Regarding this kind of gene fitness, there are two major theories of why organisms display altruistic behavior: kin preference, also known as kin altruism, and reciprocity. Kin preference is when an agent is inclined to assist another because of genetic relation whereas reciprocity is due to some kind of positive tradeoff that might manifest itself at a later date. These two major theories of assistance giving do not logically have to depend on firm egoistic presuppositions.29 The term kin in sociobiology terminology refers solely to genetic relationships.30

2.1.2.1 Kin altruism

Genetics drive organisms to be inclined to favor their own kin.31 Degrees of closeness in relation to kin also matter in regard to favor. For instance, a father baboon will have genetically more in common with his son than with his cousin. In turn, however, he would have more in common with his cousin than with a baboon in the same colony. Yet he would still have more in common with that baboon than one from a different area or genetic line. Thus, he would be more inclined to aid a baboon depending on proximity or degree of closeness.32 In theory, a cycle in which altruism was genotypically advantageous became more and more prominent among organisms at various stages in the evolutionary process. With such communal advantages, organisms in groups such as these formed better systems of protection, developed communication (dolphin sonar, crow calls etc.) and inevitably established culture for symbolic means of social coordination.33

Take crows, for example, who are highly sociable and communicative. During periods of overpopulation or times when food is scarce, they tend to reduce their numbers by having fewer young.34 As pointed out by David Lack in his Population Studies of Birds, many animals put the interest of kin over those who are unrelated. Almost without exception, those that do not are actually sacrificing for family rather than unrelated groups.35 Likewise, wolf packs, ants, as well as crows all dwell in very large families, not unrelated groups.

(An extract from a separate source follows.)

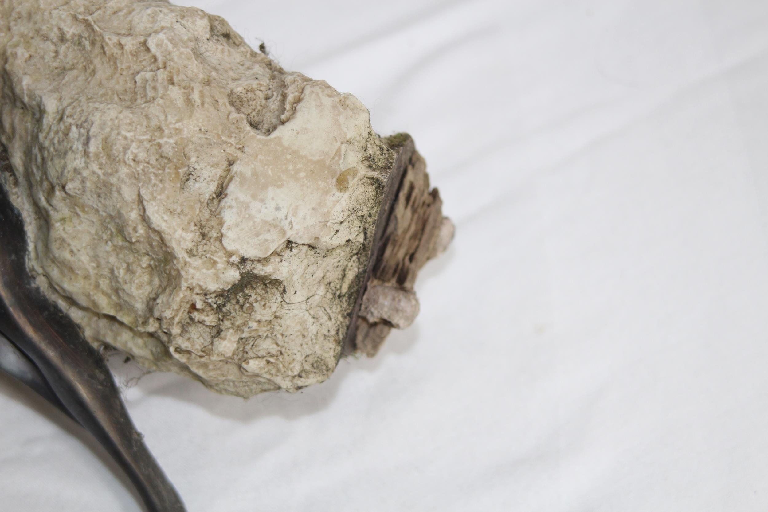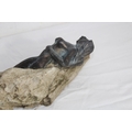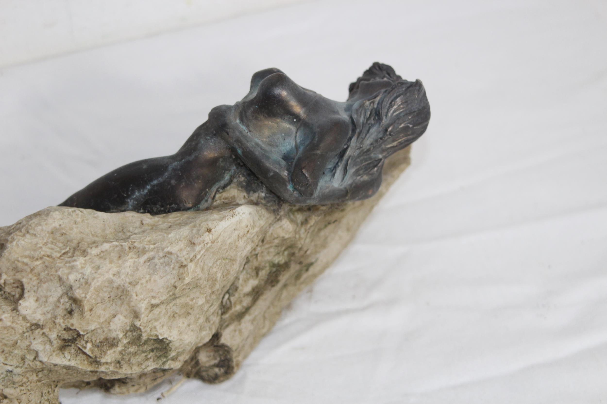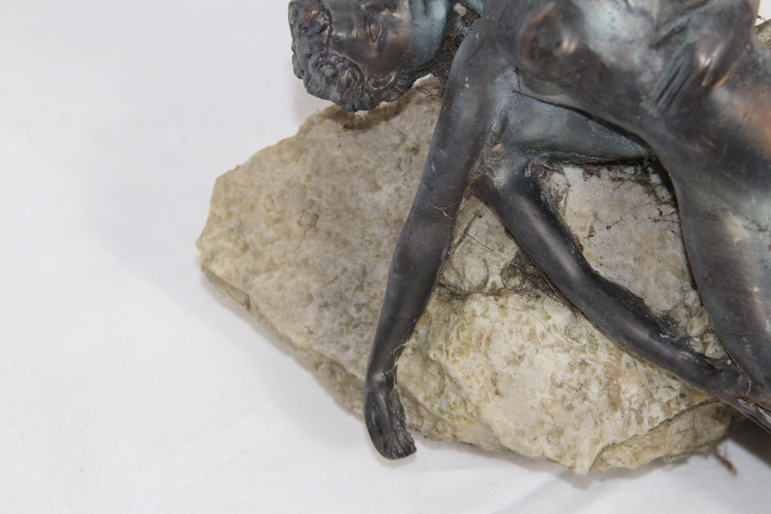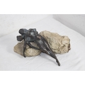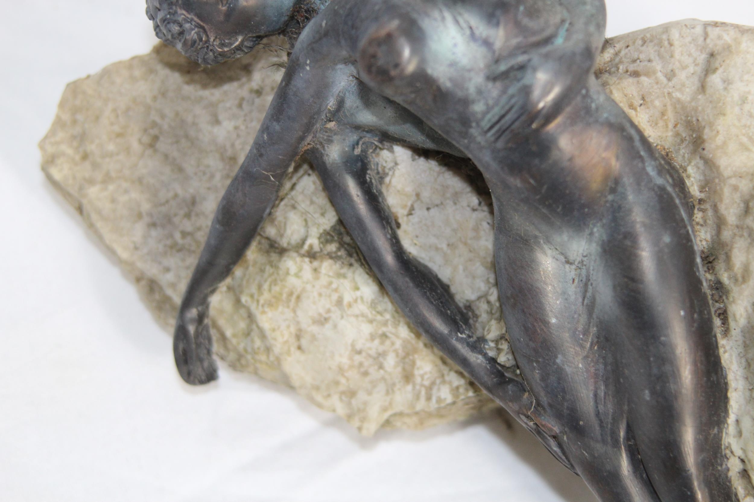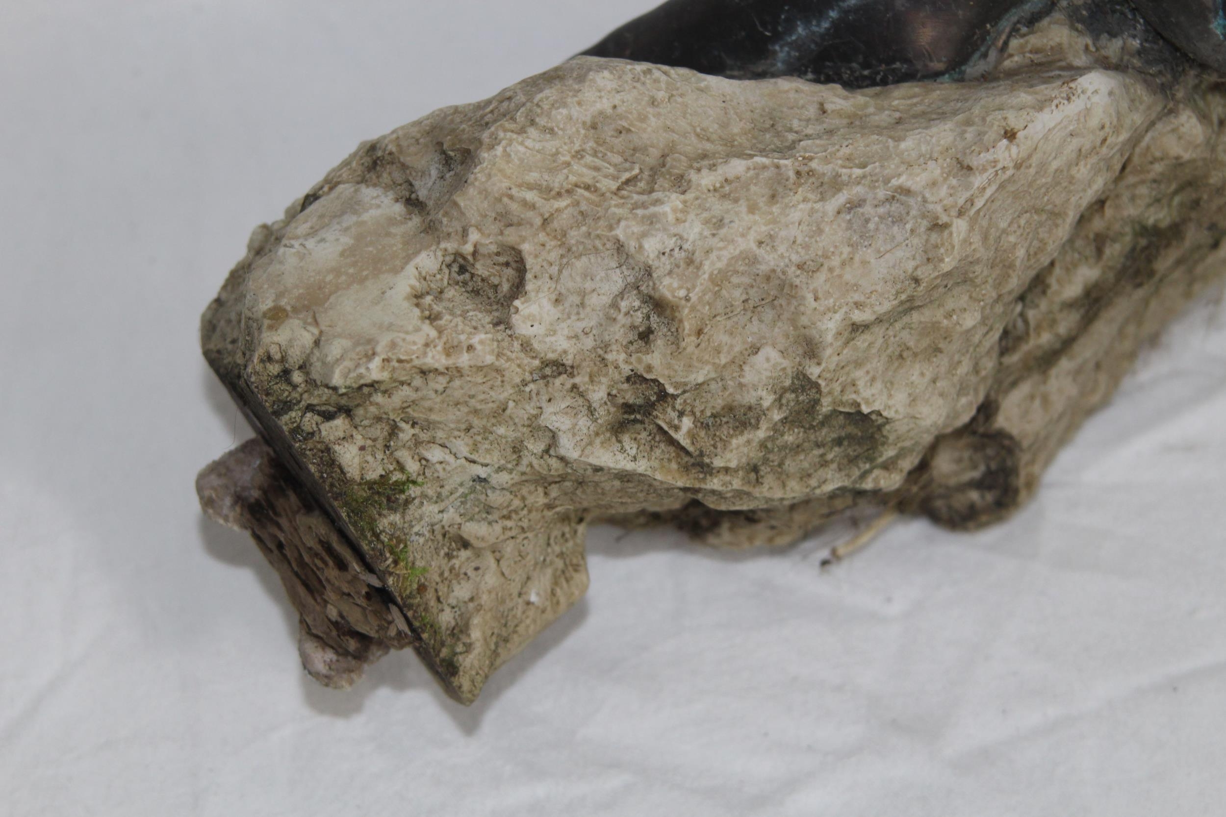 PERIOD ART DECO MODEL OF A COUPLE IN AN EMBRACE WITH A ROCK BACKGROUND, 11 INCHES TALL, BASE DETERIORATED

Any sacrifice they endure is for kin altruistic purposes. After all, if an unrelated group reduced the number of offspring during a time of scarce food, the rogue selfish individual animal would produce more kin and in a few generations all genetic propensity toward altruism would have been evolved out of the group.36

These systems, as well as related genotype, contributed to group loyalty and protection within genetically related groups. One can see that more complex organisms intrinsically have both competitive and altruistic-cooperative behavior that is dependent upon what promotes reproductive fitness better at any given time. Altruism, then, is regarded as involving a complex symbolic system that ensures cooperation within the group and protects it from threats by outside groups.37 An individual organism may even take on losses to their own well-being to enable an organism with high relatedness (especially within an animal’s immediate family).38 The evolution of the honeybee worker, which has a suicidal barbed sting, might be an example of this.39 All of this selfless behavior promotes the replicator gene hosted within the organism and its closest kin.